- Born: Eleanor Robin Hughes Sydney, Australia
- Education: PhD in Creative Writing, Macquarie University, 2019
- Title: Pro-Chancellor of the Australian National University
- Term: 2014–2017
- Spouse: David Throsby

= Robin Hughes (filmmaker) =

Australian filmmaker

Robin Hughes (born Eleanor Robin Hughes) is an Australian filmmaker, producer and writer. She was Pro-Chancellor of the Australian National University from 2014 until 2017.

== Early life ==
Hughes was born in Sydney, and attended Fort Street High School. She received a BA in Psychology from the University of Sydney.

== Career ==
Hughes started her career in London as a producer for BBC Radio before moving back to Sydney to join ABC Radio's newly-formed Science Unit. She was head of Film Australia from 1985–1989, where she restructured the entire company and established the first animation unit.
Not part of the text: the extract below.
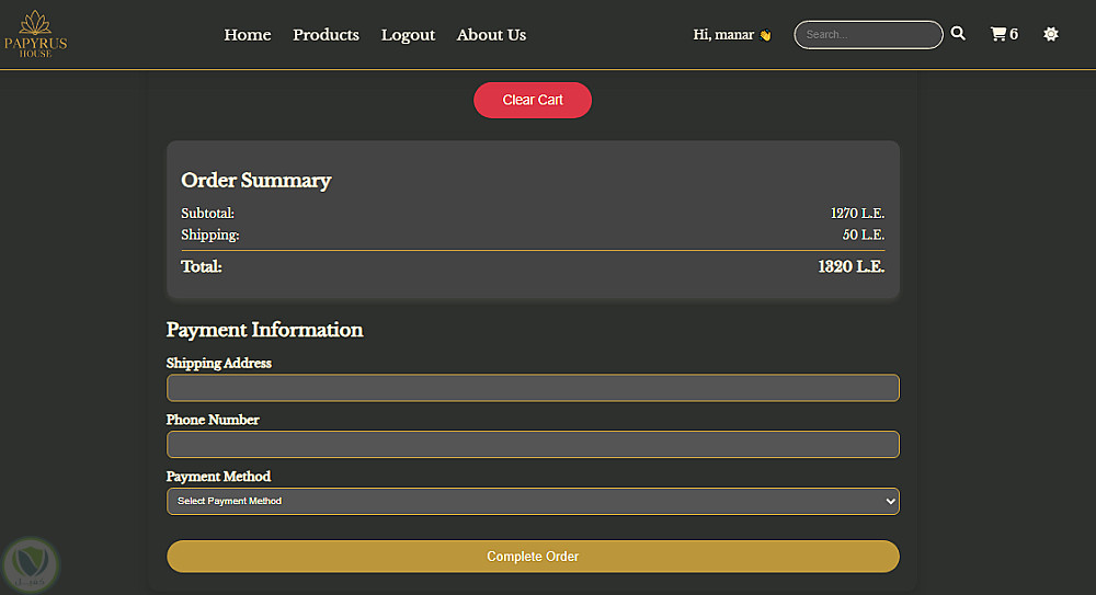 تم تطوير الموقع باستخدام HTML، CSS، وJavaScript فقط، مع تخزين بيانات المنتجات والسلة في Local Storage لضمان بقاء البيانات محفوظة حتى بعد تحديث الصفحة. تم تصميم تجربة المستخدم لتكون بسيطة واحترافية، مع سلة جانبية تظهر عند الضغط على الأيقونة وتعرض المنتجات المضافة بشكل فوري.

She went on to produce a number of award-winning documentaries for television, including Australians with Mike Willesee. From 1991-1997 she served as Chair of the Council of the Australian Film, Television and Radio School. From 1992 until 2007 she was the writer and interviewer for Australian Biography, an archival project and television series produced by Screen Australia that aired on SBS television, and included interviews with some of Australia's most important thinkers, entertainers, artists and musicians, including Nugget Coombs, Smoky Dawson, Thomas Keneally, Malcolm Fraser and Donald Horne. Hughes wrote a book based on the series, entitled Australian Lives, published by Angus & Robertson. In 2012 she wrote, presented and co-produced a follow-up television series, Creative Minds, which included interviews with Geoffrey Rush, Kate Grenville and Bill Henson and also aired on SBS. Hughes has acted as Chair on the boards of several performing arts companies, including Performing Lines and Bangarra Dance Theatre. In 2019, Hughes earned a doctorate in Creative Writing from Macquarie University. She was made an Officer of the Order of Australia for services to film and broadcasting in 1993. She won the Stanley Hawes Award for contributions to Australian documentary-making at the 2004 Australian International Documentary Conference.

== Personal life ==
Hughes is married to cultural economist David Throsby and lives in Hunters Hill, Sydney.